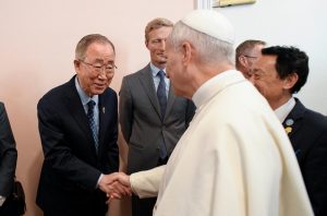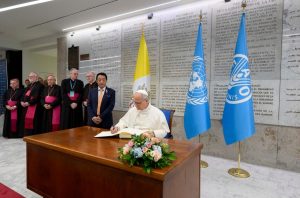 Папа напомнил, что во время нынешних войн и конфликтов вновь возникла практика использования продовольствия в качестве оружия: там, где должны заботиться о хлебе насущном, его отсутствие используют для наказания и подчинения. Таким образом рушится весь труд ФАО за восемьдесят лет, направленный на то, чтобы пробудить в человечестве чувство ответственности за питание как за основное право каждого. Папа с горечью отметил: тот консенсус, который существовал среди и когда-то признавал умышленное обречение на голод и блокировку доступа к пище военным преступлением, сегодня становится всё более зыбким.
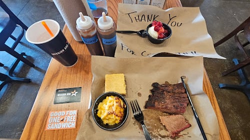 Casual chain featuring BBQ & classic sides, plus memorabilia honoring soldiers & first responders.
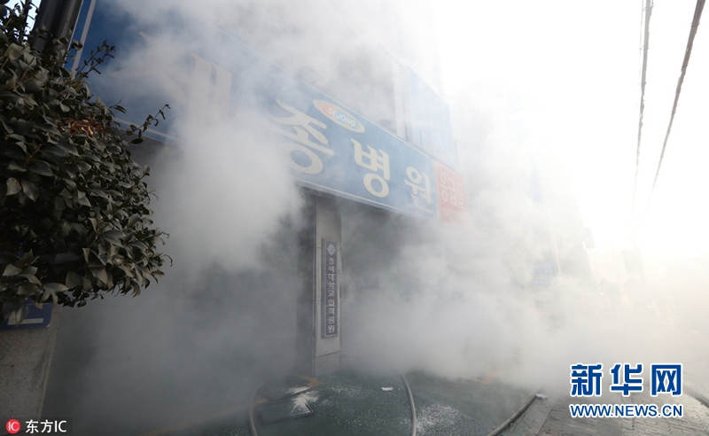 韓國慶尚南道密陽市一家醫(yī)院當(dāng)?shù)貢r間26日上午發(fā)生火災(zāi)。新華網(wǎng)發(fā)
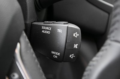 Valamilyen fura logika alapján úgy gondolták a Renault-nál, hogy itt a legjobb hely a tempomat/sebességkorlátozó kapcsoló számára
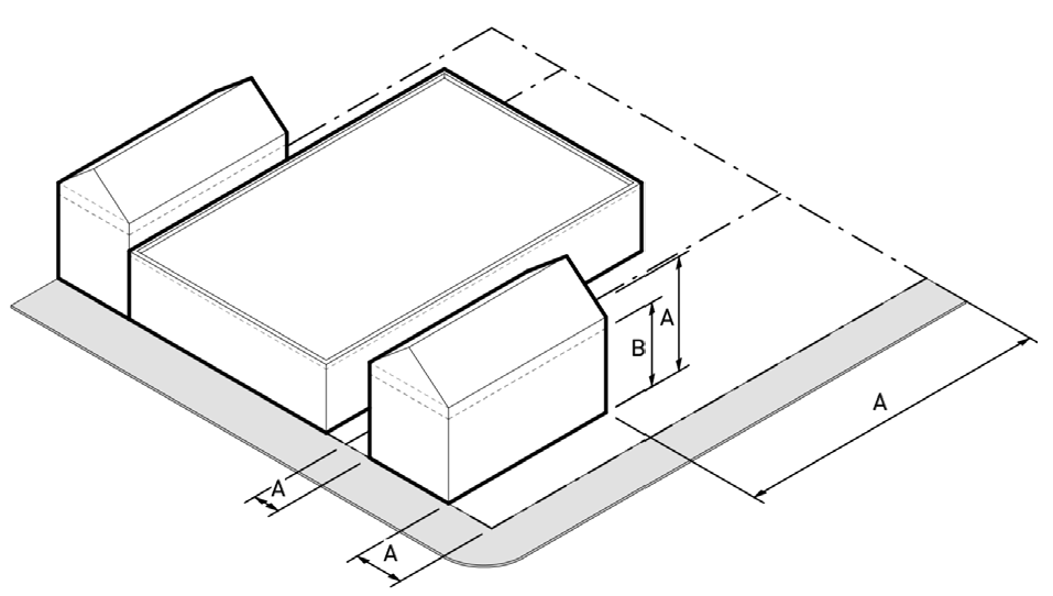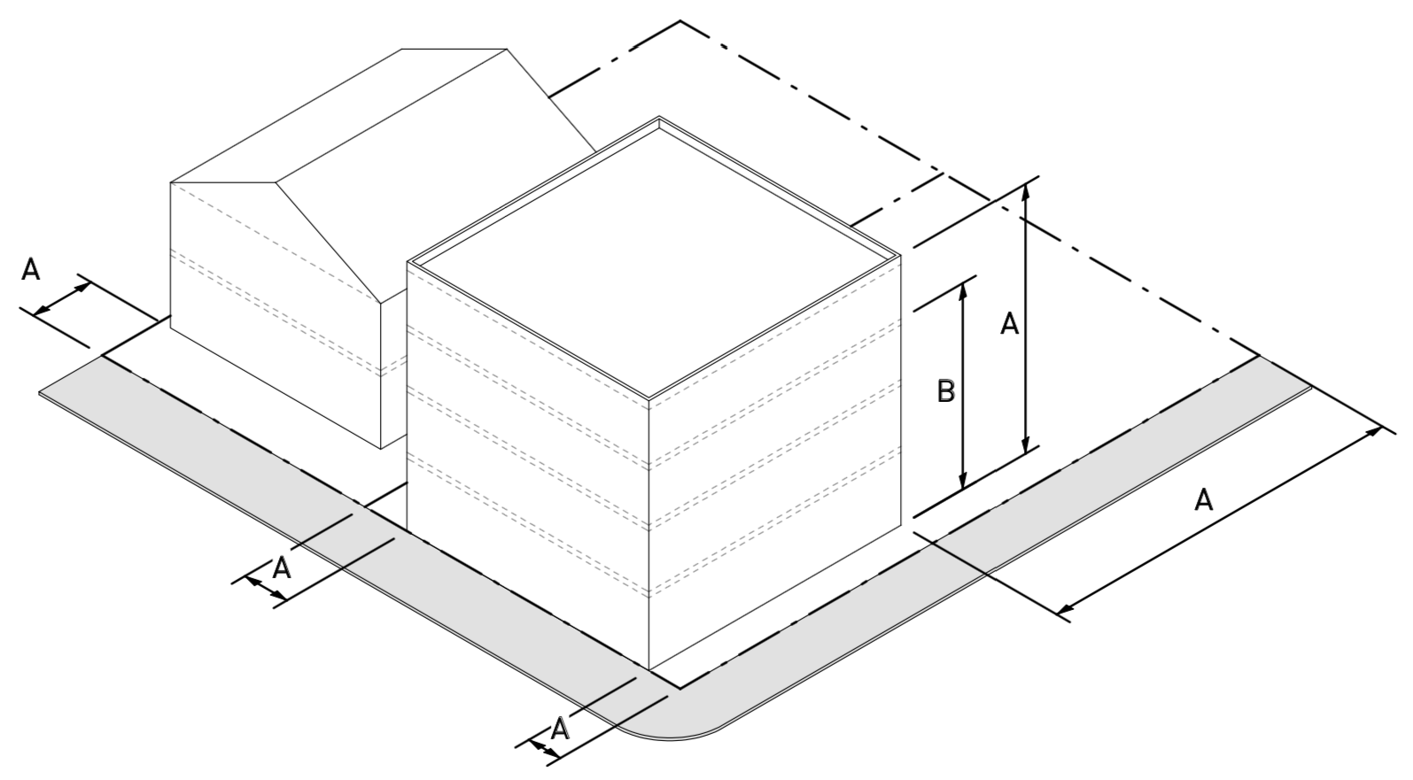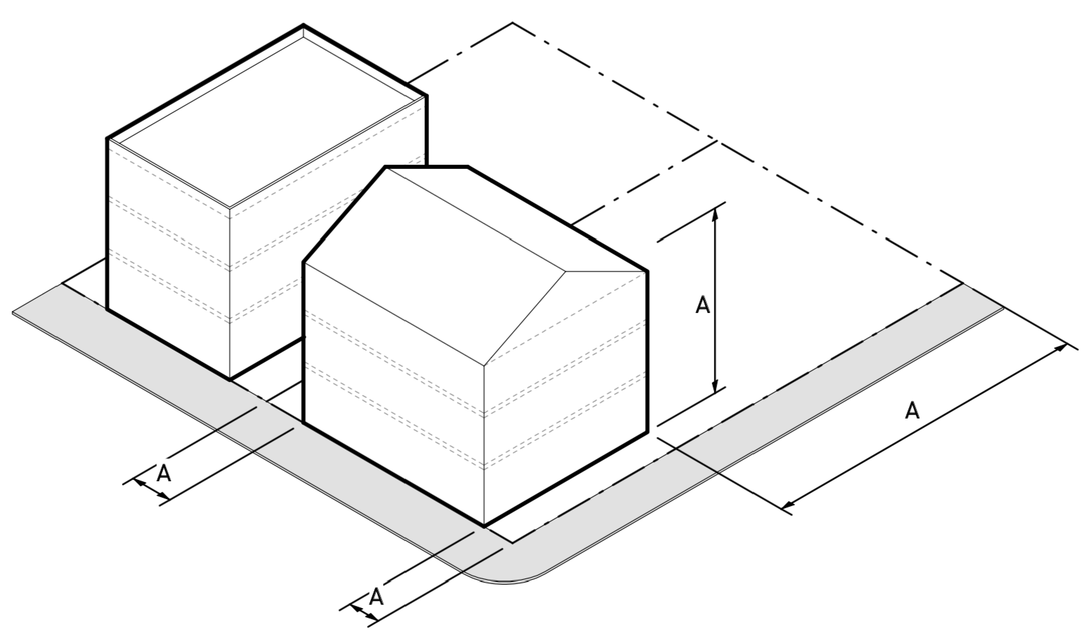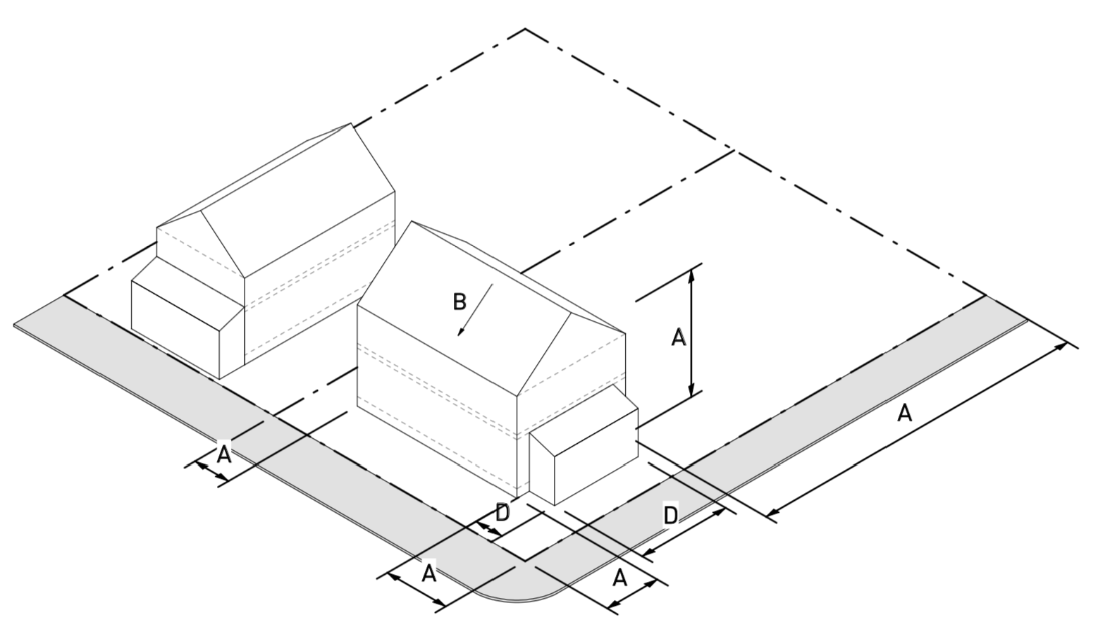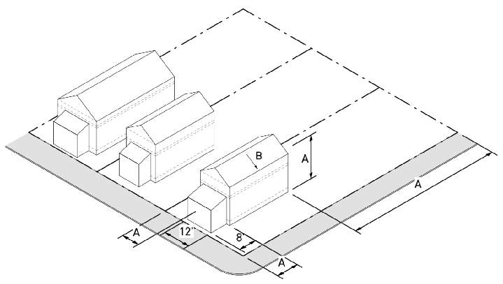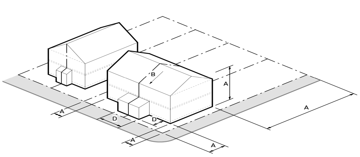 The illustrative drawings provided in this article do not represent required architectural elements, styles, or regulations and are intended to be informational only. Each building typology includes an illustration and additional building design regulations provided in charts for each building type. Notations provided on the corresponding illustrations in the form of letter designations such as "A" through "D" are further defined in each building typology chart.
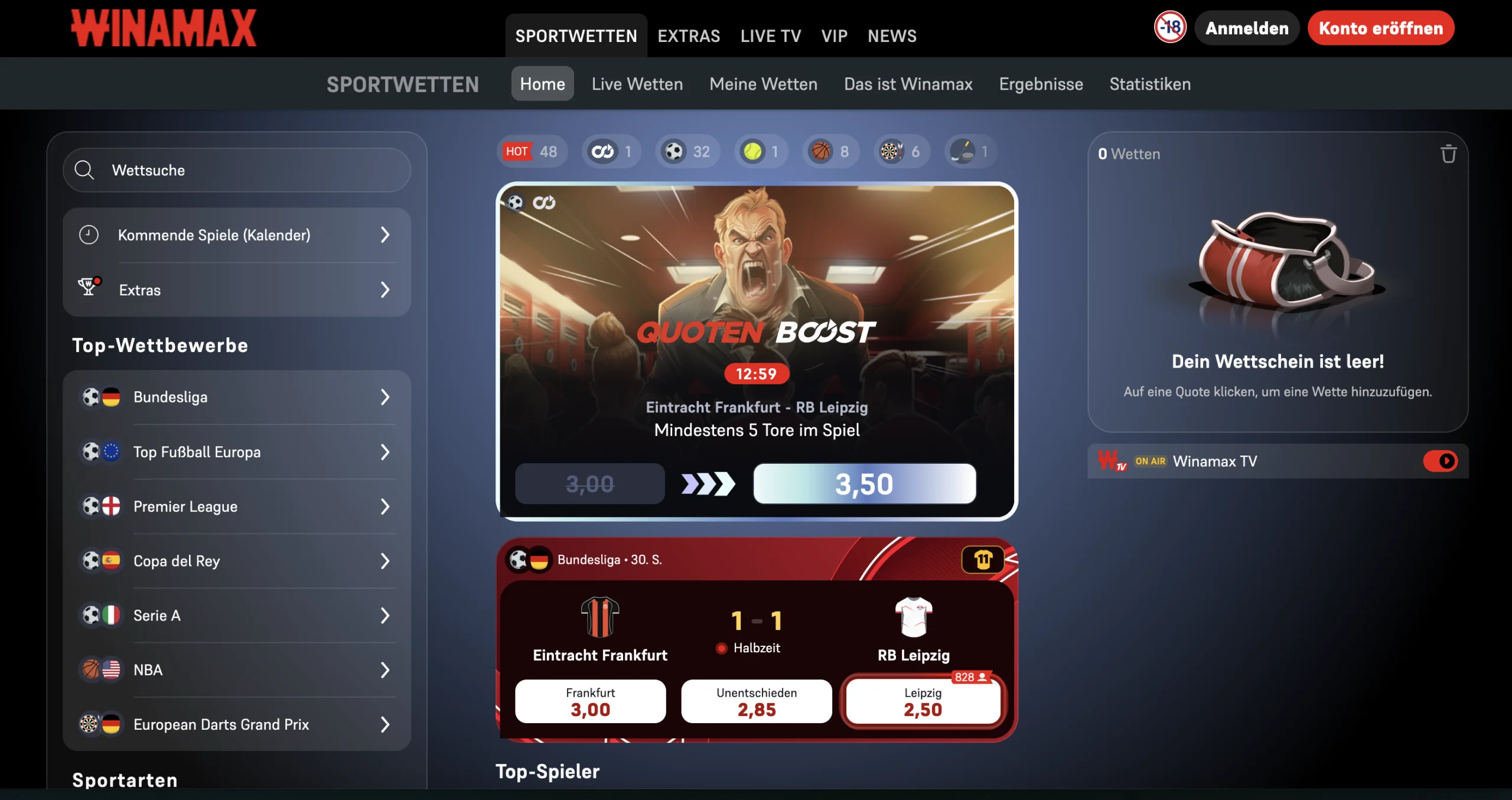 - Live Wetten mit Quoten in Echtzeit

**WHAT IS EXPECTED:** Retype, word for word, the lines from the one with "韓國慶尚南道密陽市一家醫(y" through the last line of the entries above, and only those lines. Leave pictures out.

**ANSWER TO THIS TASK:**
 韓國慶尚南道密陽市一家醫(yī)院當(dāng)?shù)貢r間26日上午發(fā)生火災(zāi)。新華網(wǎng)發(fā)
 Valamilyen fura logika alapján úgy gondolták a Renault-nál, hogy itt a legjobb hely a tempomat/sebességkorlátozó kapcsoló számára
 The illustrative drawings provided in this article do not represent required architectural elements, styles, or regulations and are intended to be informational only. Each building typology includes an illustration and additional building design regulations provided in charts for each building type. Notations provided on the corresponding illustrations in the form of letter designations such as "A" through "D" are further defined in each building typology chart.
 - Live Wetten mit Quoten in Echtzeit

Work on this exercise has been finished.